DIRECTIONS FOR THIS TASK: With pictures left out, set down exactly the lines from the line containing "На осях использованы" through the last line of the data.

DATA:
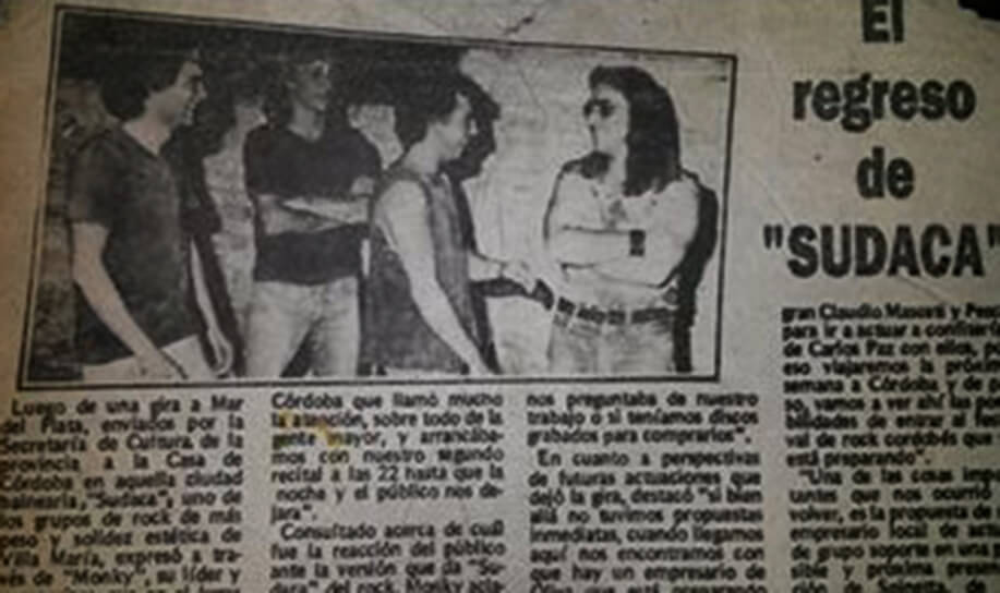 Estoy hablando de 1987 más o menos. No teníamos ni idea de alguna otra persona en la ciudad que escuchara y tocara la misma música, hasta que nos contaron de “Sudaca” y fuimos a un show de ellos en el Club Sarmiento, estábamos en la puerta y apareció Monky y Gonzalo Gómez el guitarrista, los dos con camperas de cuero y grandes melenas. Quedamos impactados, nos hicieron pasar y ver ese show fue algo definitivo, eso era lo que queríamos. La banda la completaban Corto Otoño en batería y Chapa Chamorro en bajo. También fuimos a algún ensayo de “Merlin Classic” donde tocaba Pepo Lucero en guitarra, Kuky Castro el teclado, Cari en batería y el Gato Dupui en bajo.
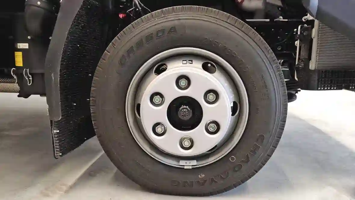 На осях использованы шины размером 215/75R17.5, на задней оси – двускатная ошиновка. Запаска подвешена снизу в заднем свесе. Выковырять ее оттуда будет челленджем особого рода. Кузовщикам стоило бы поломать голову над более удобным размещением запасного колеса.
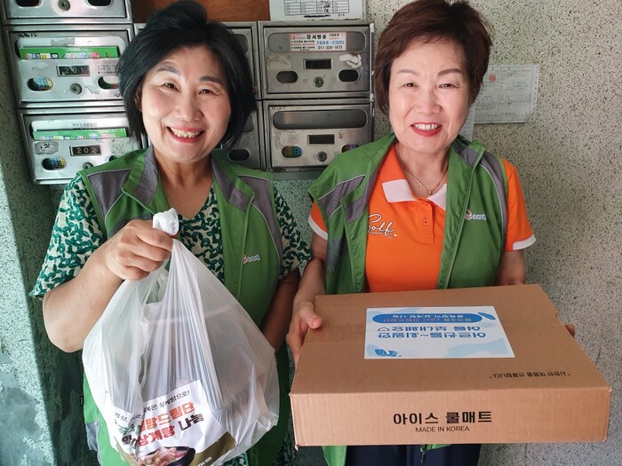 7월에는 중복을 맞이해 삼계탕, 불고기와 밑반찬, 제철과일, 폭염 대비 쿨매트로 구성된 보양세트를 취약계층 어르신 가구에 전달하고 있다.

TASK ANSWER:
 На осях использованы шины размером 215/75R17.5, на задней оси – двускатная ошиновка. Запаска подвешена снизу в заднем свесе. Выковырять ее оттуда будет челленджем особого рода. Кузовщикам стоило бы поломать голову над более удобным размещением запасного колеса.
 7월에는 중복을 맞이해 삼계탕, 불고기와 밑반찬, 제철과일, 폭염 대비 쿨매트로 구성된 보양세트를 취약계층 어르신 가구에 전달하고 있다.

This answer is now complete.